Below are records with pictures; copy word for word only the lines between the line with "Mit der Praxis" and the line with "ولغيرهم من المخلوقات", inclusive, and drop the pictures.

[Source material]:
────────────────────

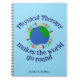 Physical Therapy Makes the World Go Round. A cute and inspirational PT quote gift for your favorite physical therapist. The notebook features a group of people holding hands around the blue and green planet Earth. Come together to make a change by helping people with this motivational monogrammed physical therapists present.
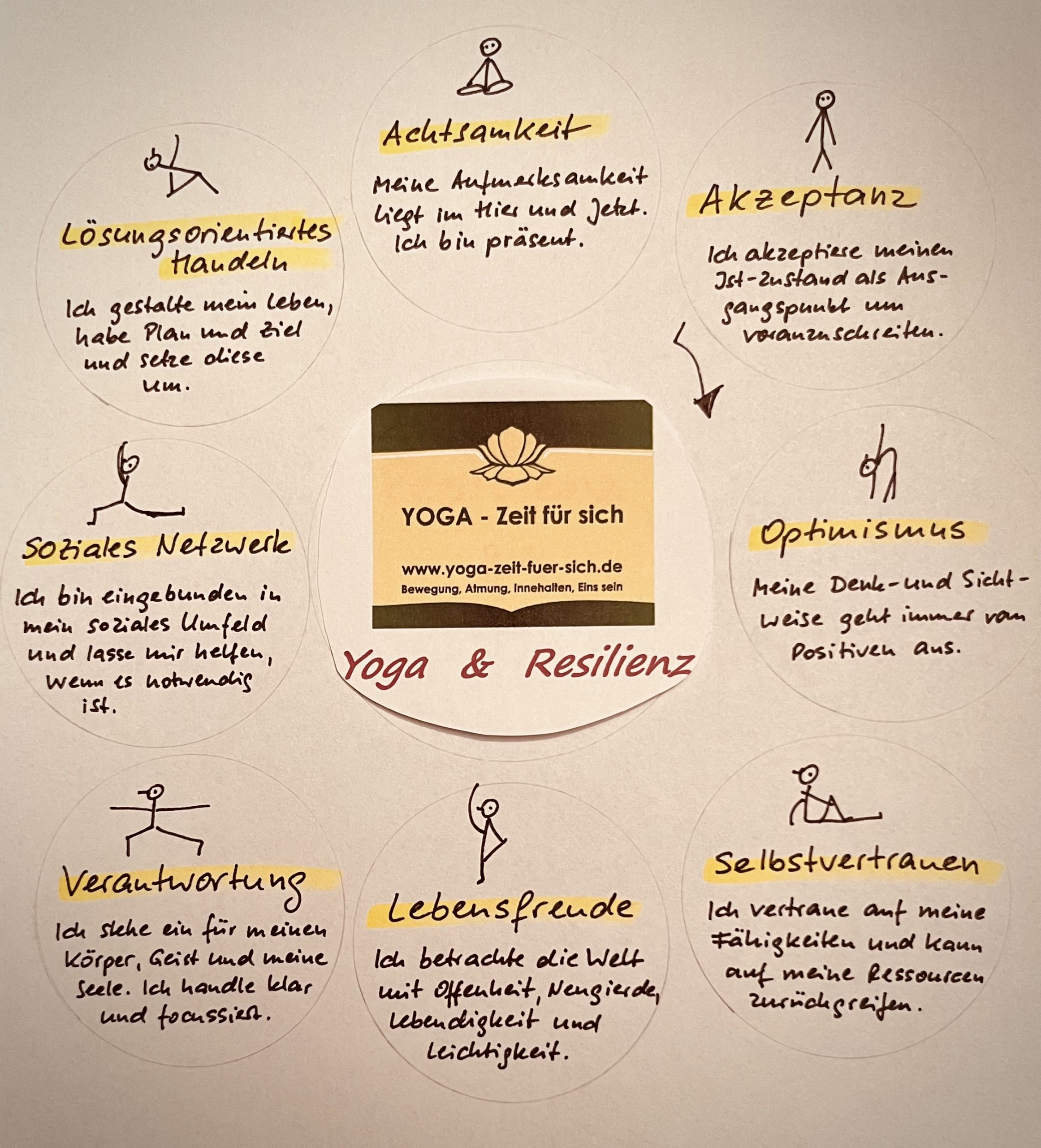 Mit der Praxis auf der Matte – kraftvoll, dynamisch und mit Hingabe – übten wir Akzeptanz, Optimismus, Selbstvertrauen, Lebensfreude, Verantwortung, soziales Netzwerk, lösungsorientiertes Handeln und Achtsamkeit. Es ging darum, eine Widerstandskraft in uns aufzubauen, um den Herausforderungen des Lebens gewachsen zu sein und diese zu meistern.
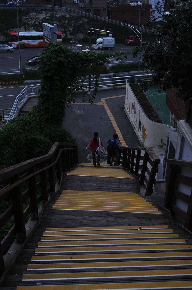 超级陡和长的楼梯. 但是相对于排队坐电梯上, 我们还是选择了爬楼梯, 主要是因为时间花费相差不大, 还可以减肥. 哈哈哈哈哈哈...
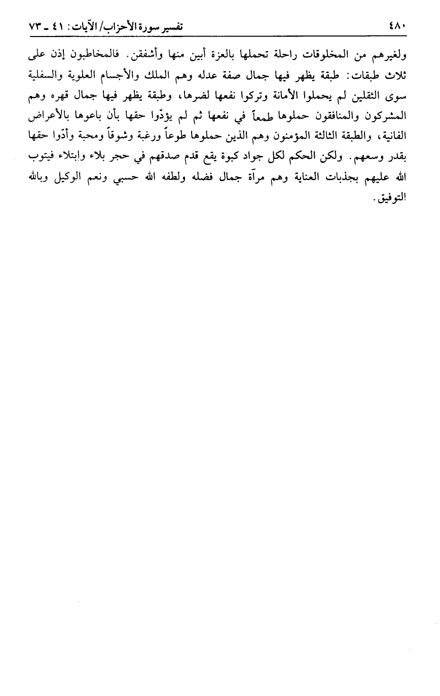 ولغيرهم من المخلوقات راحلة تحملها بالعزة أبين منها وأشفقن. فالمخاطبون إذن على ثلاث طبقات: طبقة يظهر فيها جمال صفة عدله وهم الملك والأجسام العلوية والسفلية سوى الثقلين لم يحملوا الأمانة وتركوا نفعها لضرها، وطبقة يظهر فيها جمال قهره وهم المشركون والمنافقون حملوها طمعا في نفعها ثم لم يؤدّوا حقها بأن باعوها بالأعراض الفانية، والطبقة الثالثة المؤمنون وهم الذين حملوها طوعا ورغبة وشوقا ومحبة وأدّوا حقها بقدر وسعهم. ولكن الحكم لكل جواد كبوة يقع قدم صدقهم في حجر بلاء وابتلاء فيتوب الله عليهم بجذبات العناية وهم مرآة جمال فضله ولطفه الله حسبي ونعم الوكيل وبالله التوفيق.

────────────────────

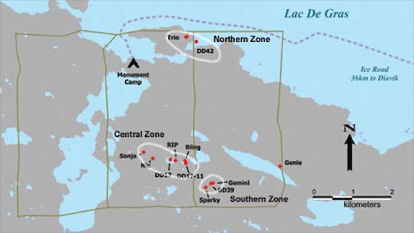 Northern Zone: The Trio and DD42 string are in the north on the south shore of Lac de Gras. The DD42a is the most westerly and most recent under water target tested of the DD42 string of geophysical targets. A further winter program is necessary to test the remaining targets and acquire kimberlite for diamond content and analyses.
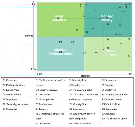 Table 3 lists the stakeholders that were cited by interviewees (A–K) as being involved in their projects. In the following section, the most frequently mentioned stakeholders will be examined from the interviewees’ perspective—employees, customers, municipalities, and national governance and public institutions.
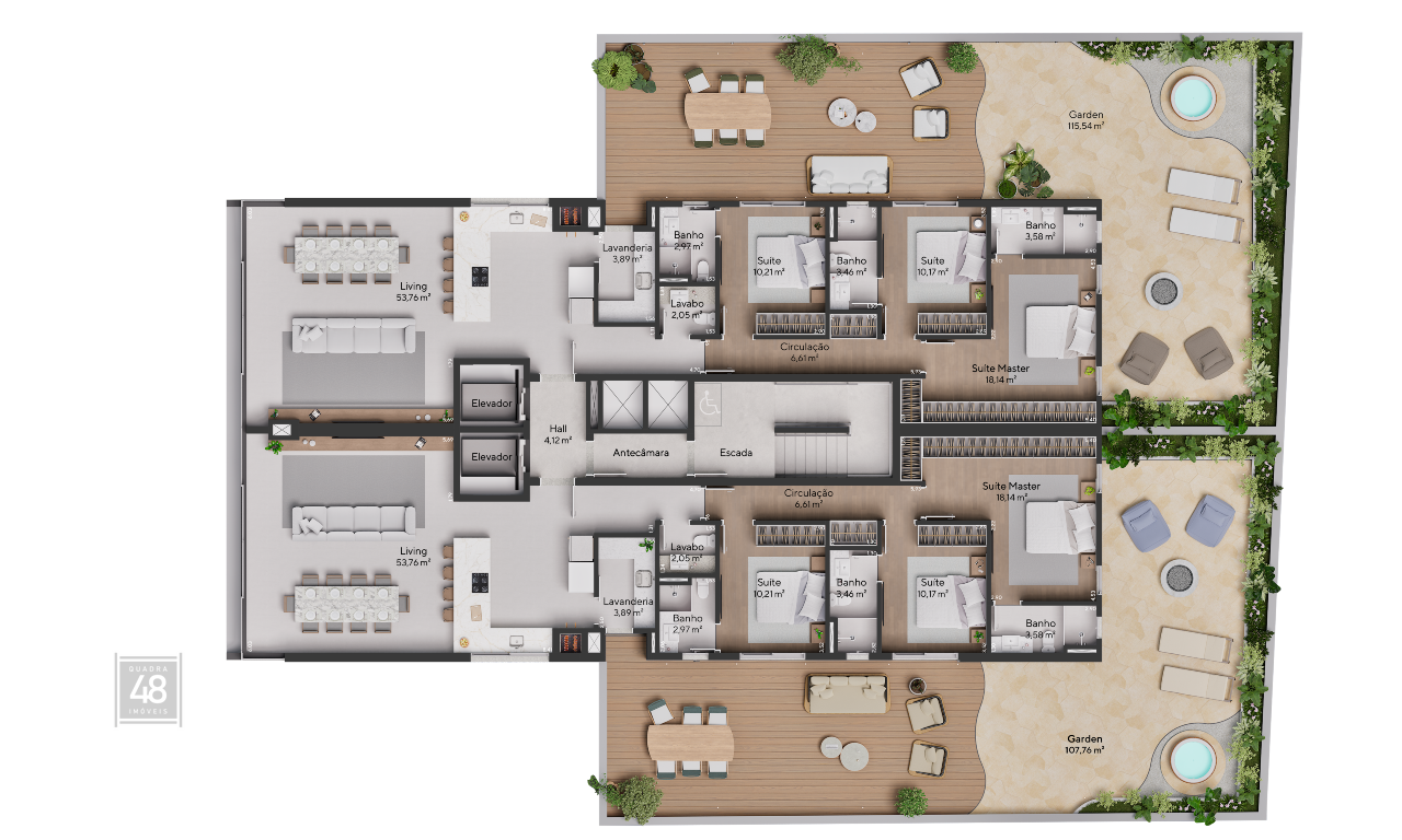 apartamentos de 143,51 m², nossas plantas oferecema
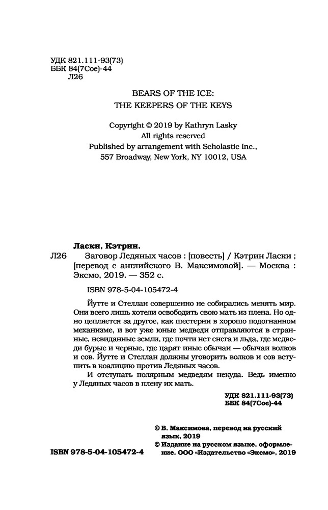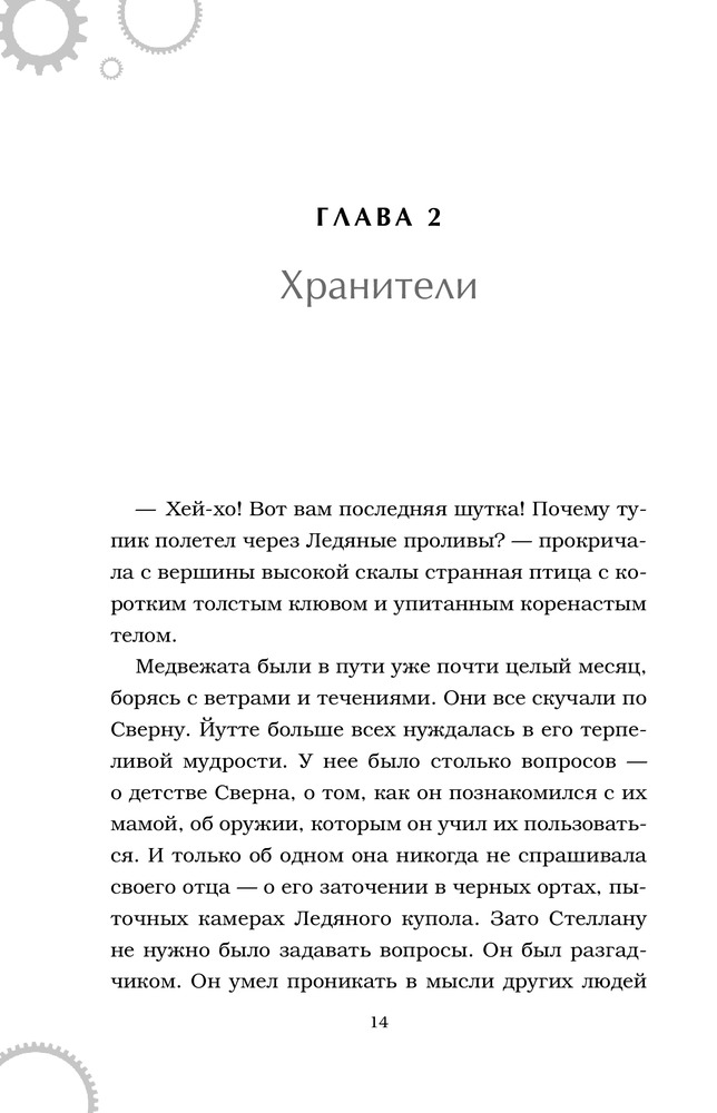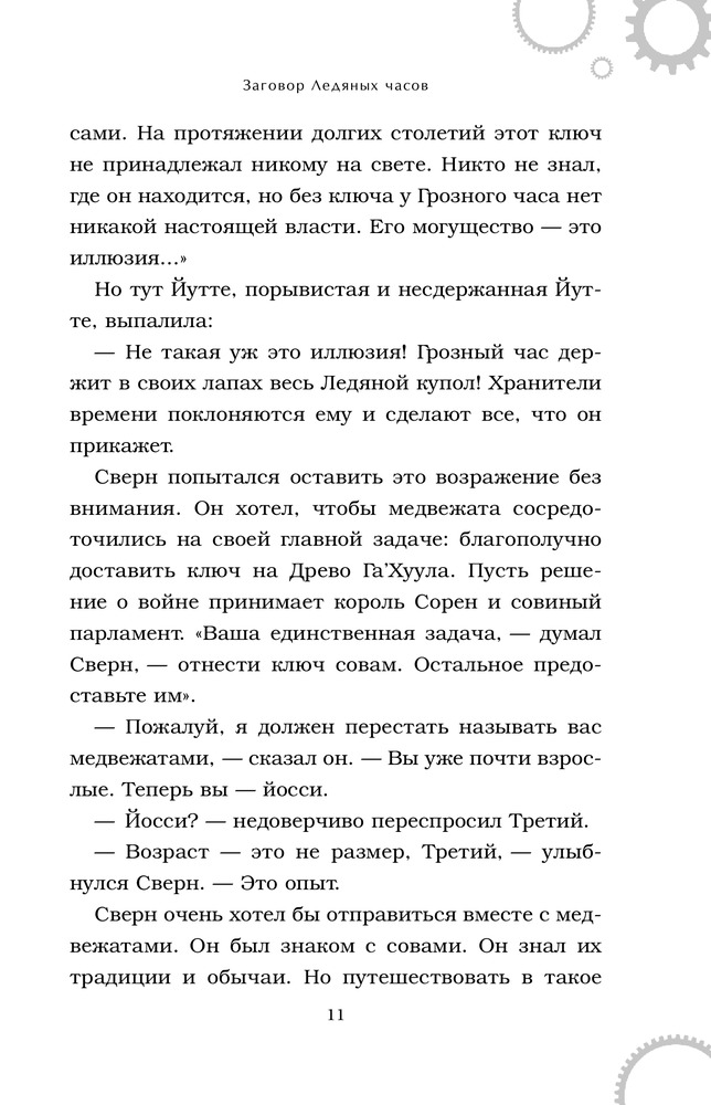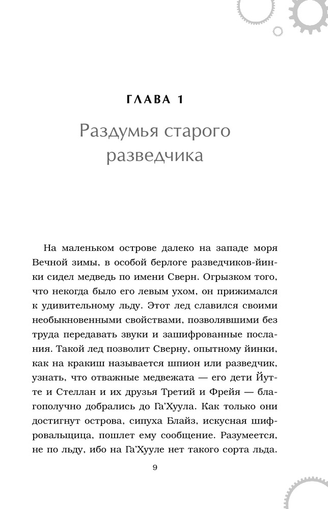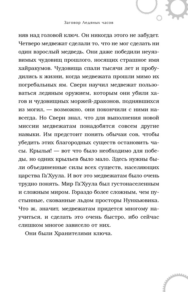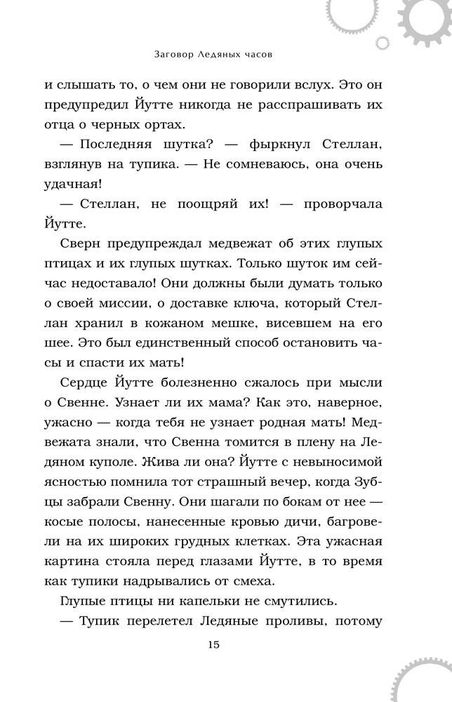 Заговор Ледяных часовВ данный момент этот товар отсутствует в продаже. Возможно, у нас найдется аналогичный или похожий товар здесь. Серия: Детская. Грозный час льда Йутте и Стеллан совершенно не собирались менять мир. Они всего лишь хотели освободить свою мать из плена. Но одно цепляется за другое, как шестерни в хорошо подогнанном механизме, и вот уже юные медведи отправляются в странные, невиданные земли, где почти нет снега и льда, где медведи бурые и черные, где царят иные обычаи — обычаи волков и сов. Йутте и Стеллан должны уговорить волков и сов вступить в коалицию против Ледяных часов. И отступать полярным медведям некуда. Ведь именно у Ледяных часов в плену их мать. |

────────────────────

[Output of the task]:
 Mit der Praxis auf der Matte – kraftvoll, dynamisch und mit Hingabe – übten wir Akzeptanz, Optimismus, Selbstvertrauen, Lebensfreude, Verantwortung, soziales Netzwerk, lösungsorientiertes Handeln und Achtsamkeit. Es ging darum, eine Widerstandskraft in uns aufzubauen, um den Herausforderungen des Lebens gewachsen zu sein und diese zu meistern.
 超级陡和长的楼梯. 但是相对于排队坐电梯上, 我们还是选择了爬楼梯, 主要是因为时间花费相差不大, 还可以减肥. 哈哈哈哈哈哈...
 ولغيرهم من المخلوقات راحلة تحملها بالعزة أبين منها وأشفقن. فالمخاطبون إذن على ثلاث طبقات: طبقة يظهر فيها جمال صفة عدله وهم الملك والأجسام العلوية والسفلية سوى الثقلين لم يحملوا الأمانة وتركوا نفعها لضرها، وطبقة يظهر فيها جمال قهره وهم المشركون والمنافقون حملوها طمعا في نفعها ثم لم يؤدّوا حقها بأن باعوها بالأعراض الفانية، والطبقة الثالثة المؤمنون وهم الذين حملوها طوعا ورغبة وشوقا ومحبة وأدّوا حقها بقدر وسعهم. ولكن الحكم لكل جواد كبوة يقع قدم صدقهم في حجر بلاء وابتلاء فيتوب الله عليهم بجذبات العناية وهم مرآة جمال فضله ولطفه الله حسبي ونعم الوكيل وبالله التوفيق.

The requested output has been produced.